**Task details**
Leaving out pictures, output exactly the lines below from the one that has "新年伊始,加工户们紧抓晴好天气,忙着晾晒鱼鲞,准备供应春节市场。" through the one that has "Антон укрепляет кондукторы", and nothing else.

**Extracted data**

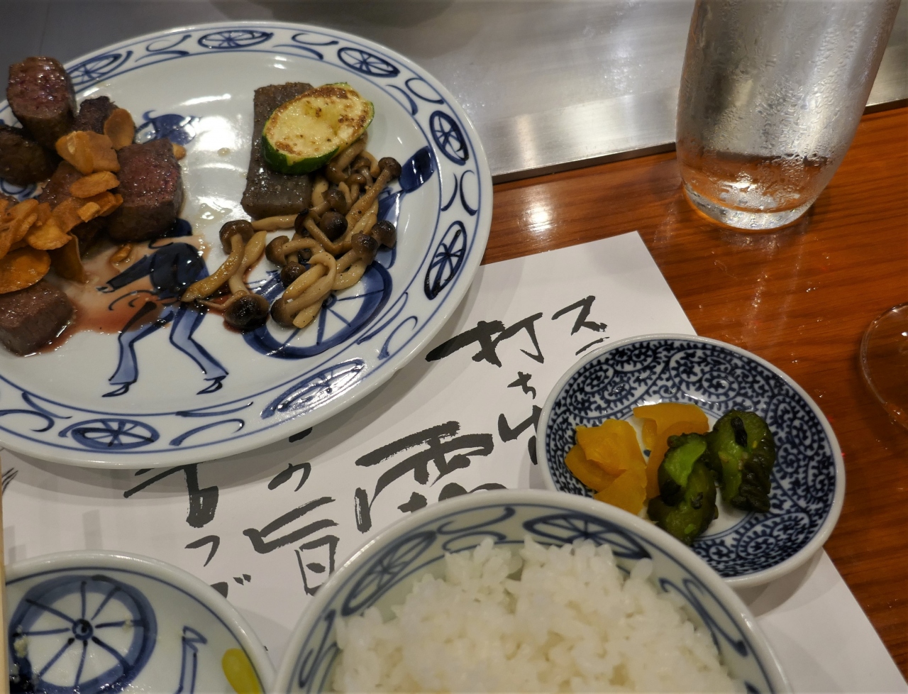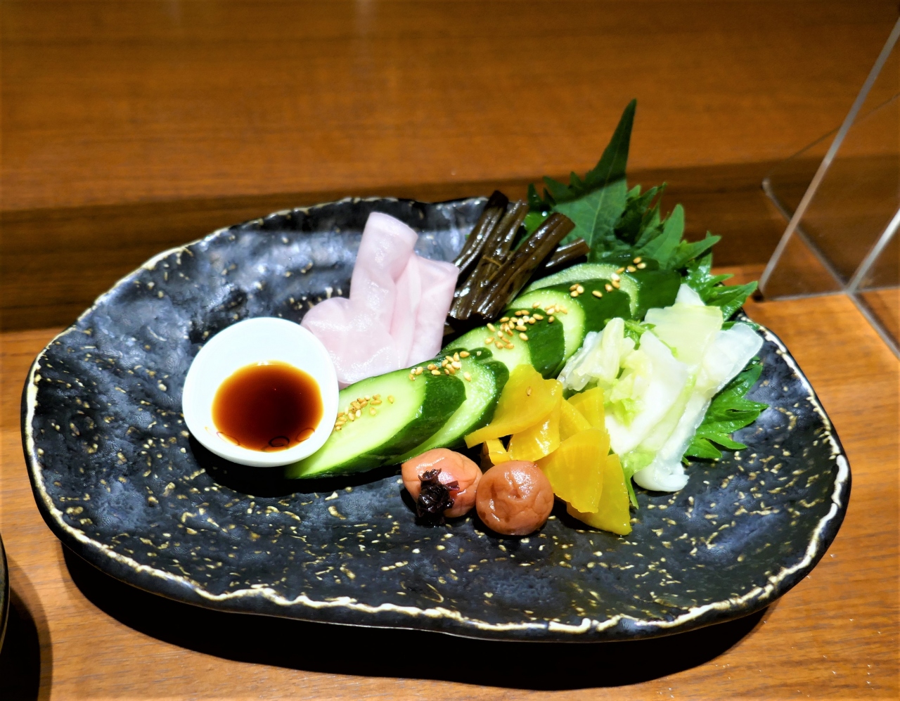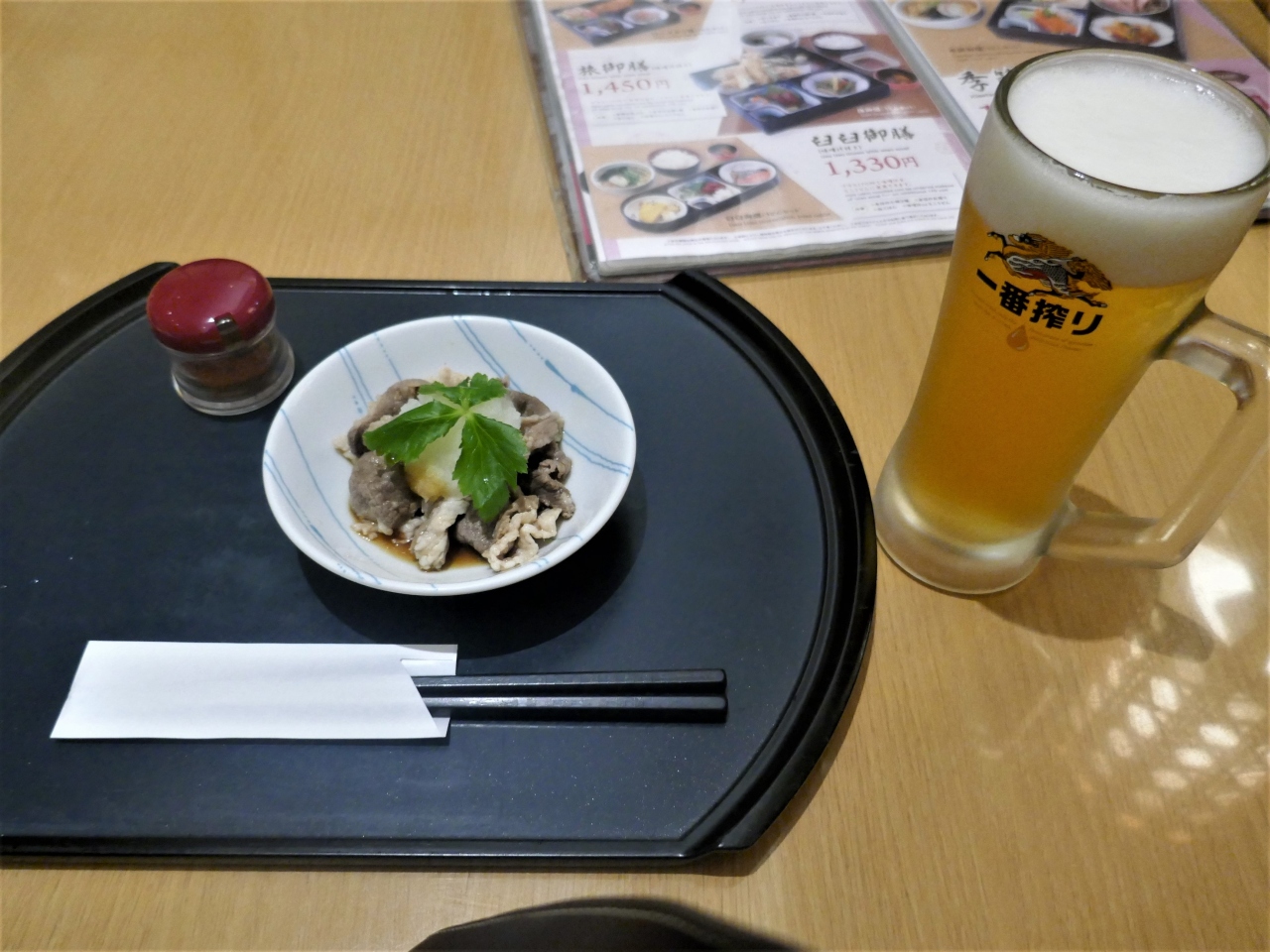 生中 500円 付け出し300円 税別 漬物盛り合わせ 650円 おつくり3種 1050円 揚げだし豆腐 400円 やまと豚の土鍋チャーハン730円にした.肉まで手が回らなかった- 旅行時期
---
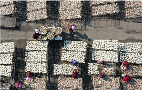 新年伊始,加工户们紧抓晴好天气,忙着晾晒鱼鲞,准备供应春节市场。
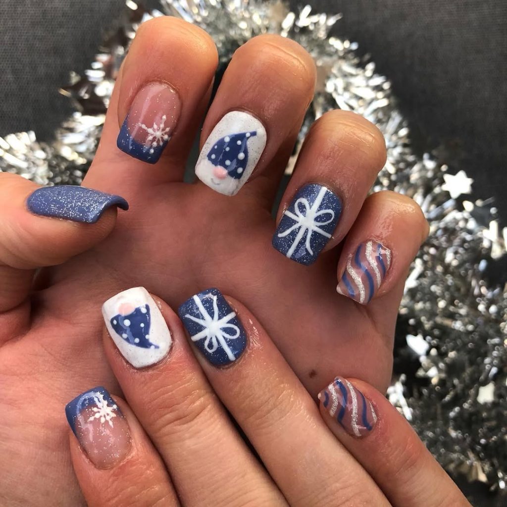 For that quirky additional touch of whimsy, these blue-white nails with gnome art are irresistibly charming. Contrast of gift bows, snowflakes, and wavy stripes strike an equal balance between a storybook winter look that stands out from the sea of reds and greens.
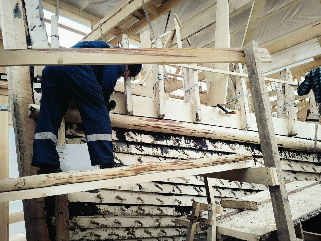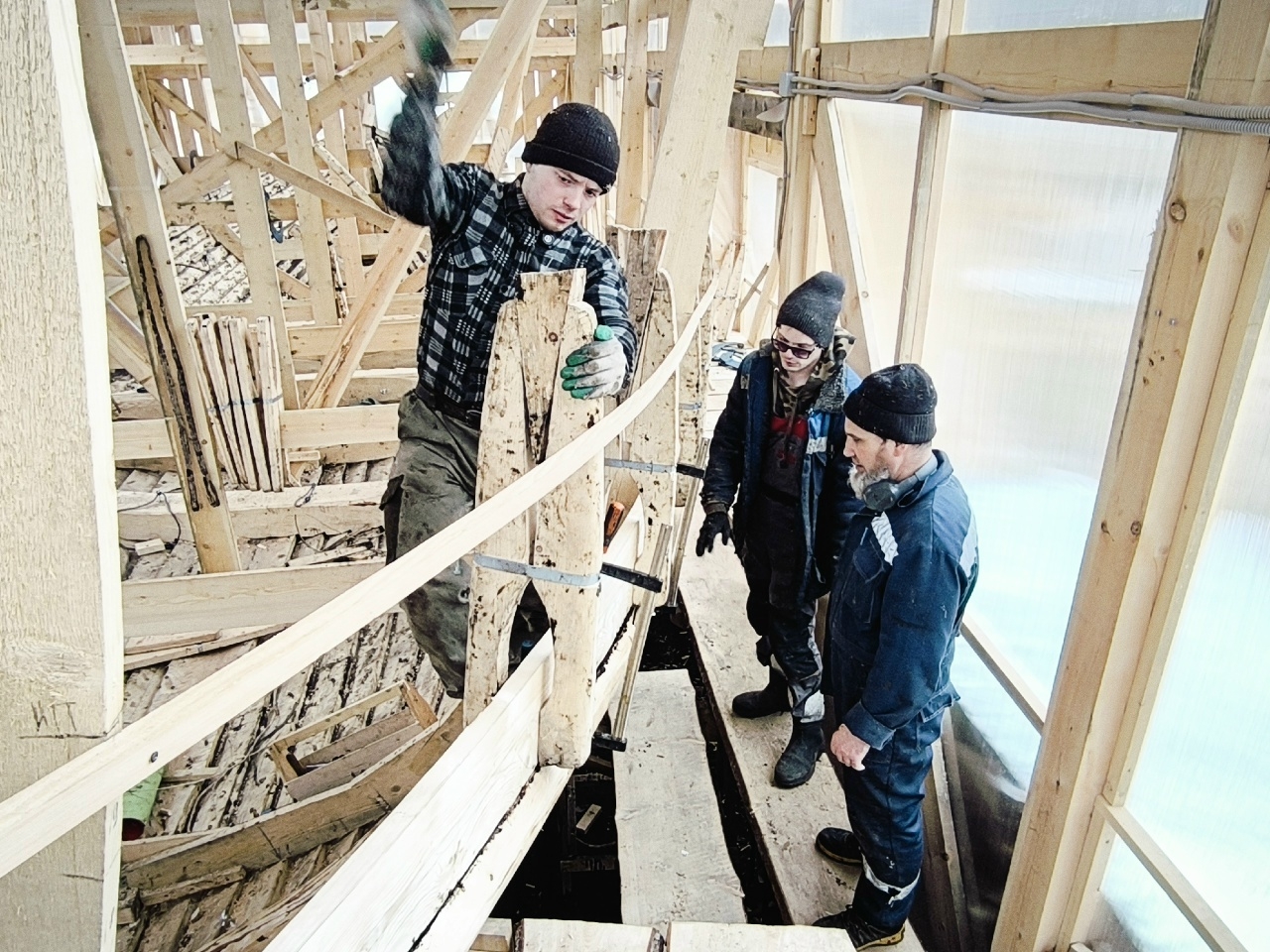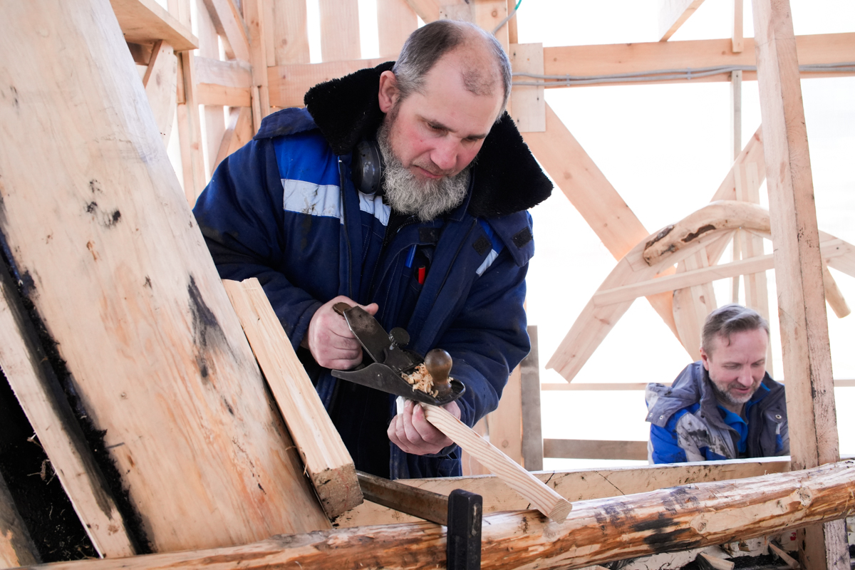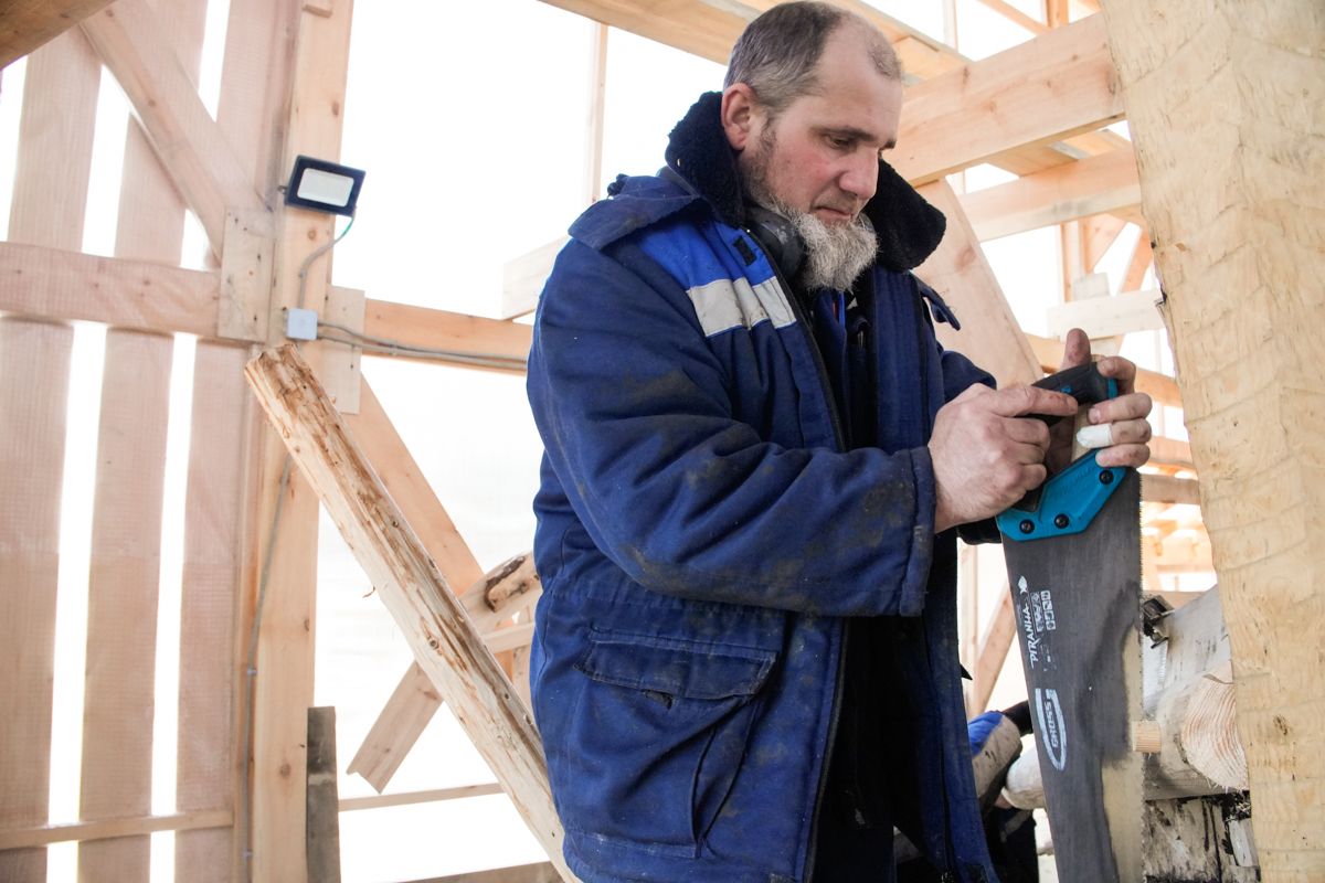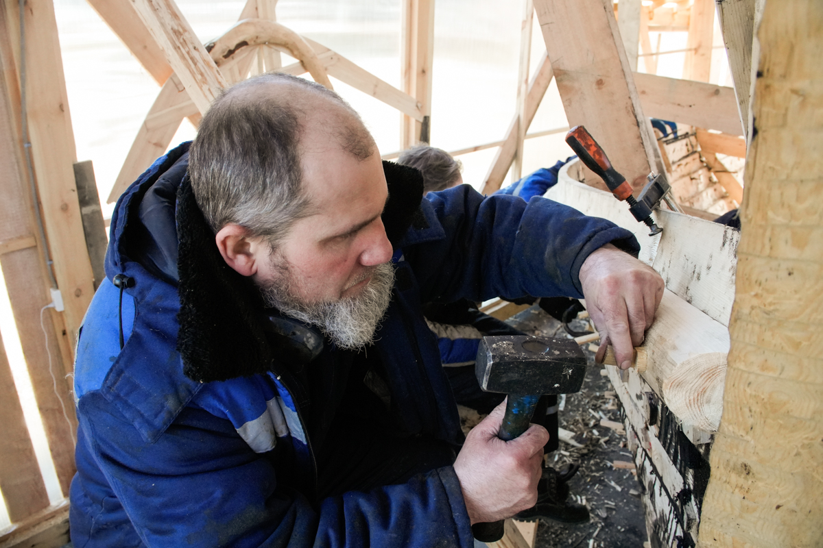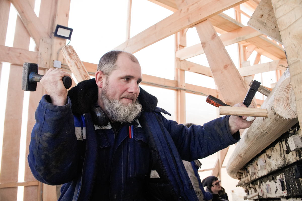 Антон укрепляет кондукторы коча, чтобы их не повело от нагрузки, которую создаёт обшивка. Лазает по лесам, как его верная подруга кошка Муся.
---
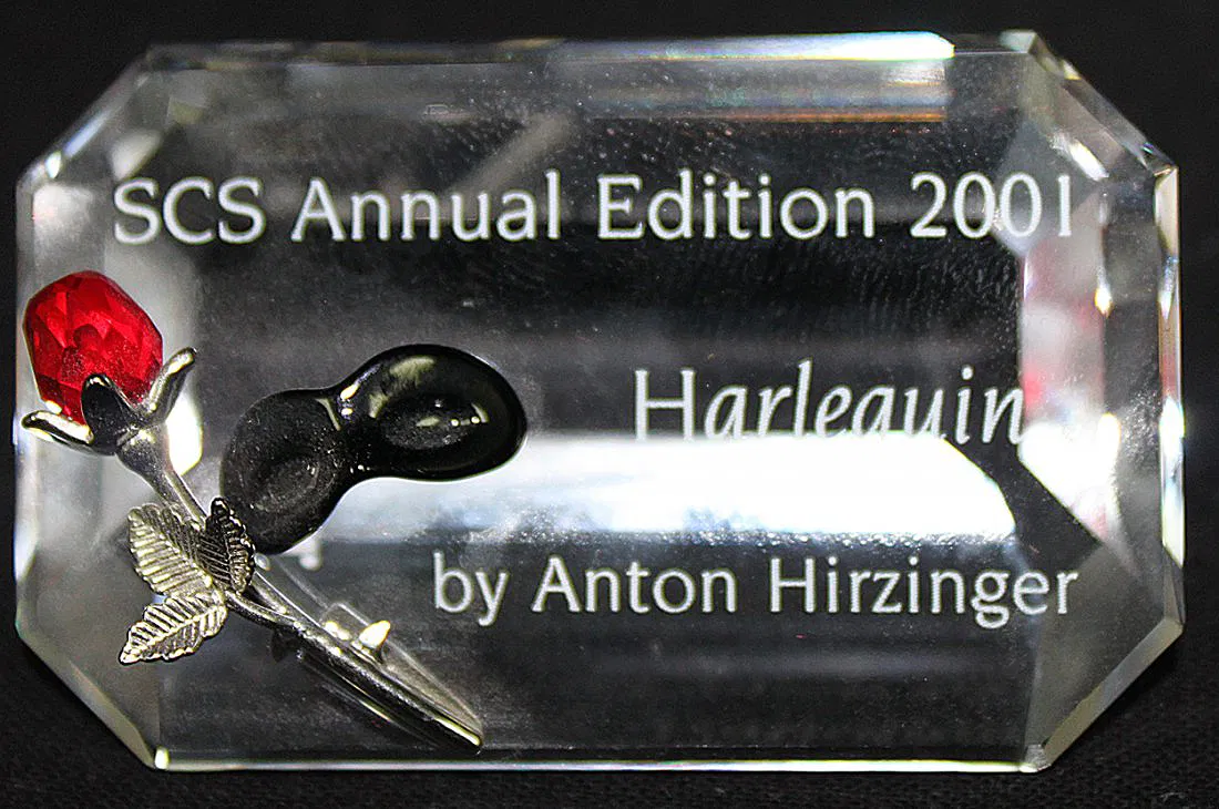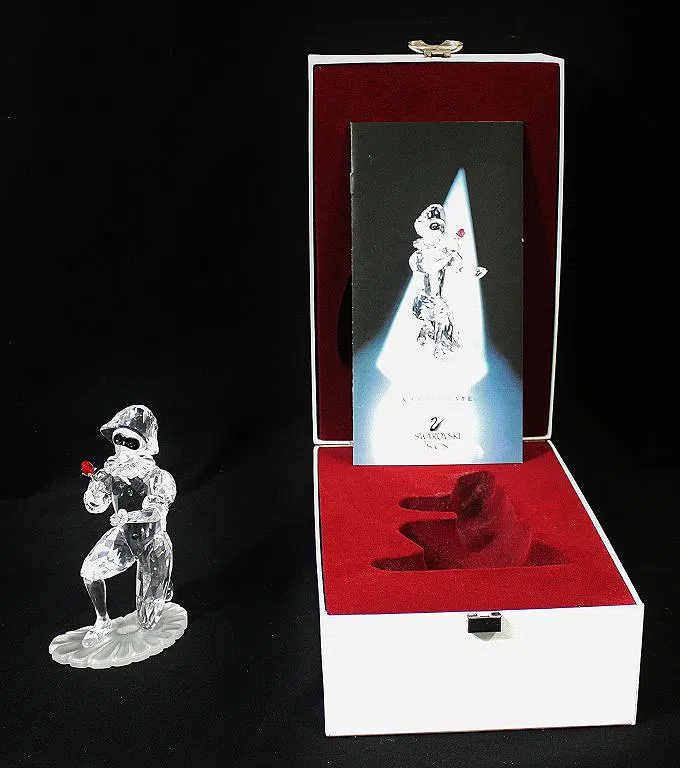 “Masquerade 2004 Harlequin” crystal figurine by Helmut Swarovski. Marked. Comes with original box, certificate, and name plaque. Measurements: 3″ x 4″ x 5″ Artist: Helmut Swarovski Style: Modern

**Answer for this exercise**
 新年伊始,加工户们紧抓晴好天气,忙着晾晒鱼鲞,准备供应春节市场。
 For that quirky additional touch of whimsy, these blue-white nails with gnome art are irresistibly charming. Contrast of gift bows, snowflakes, and wavy stripes strike an equal balance between a storybook winter look that stands out from the sea of reds and greens.
 Антон укрепляет кондукторы коча, чтобы их не повело от нагрузки, которую создаёт обшивка. Лазает по лесам, как его верная подруга кошка Муся.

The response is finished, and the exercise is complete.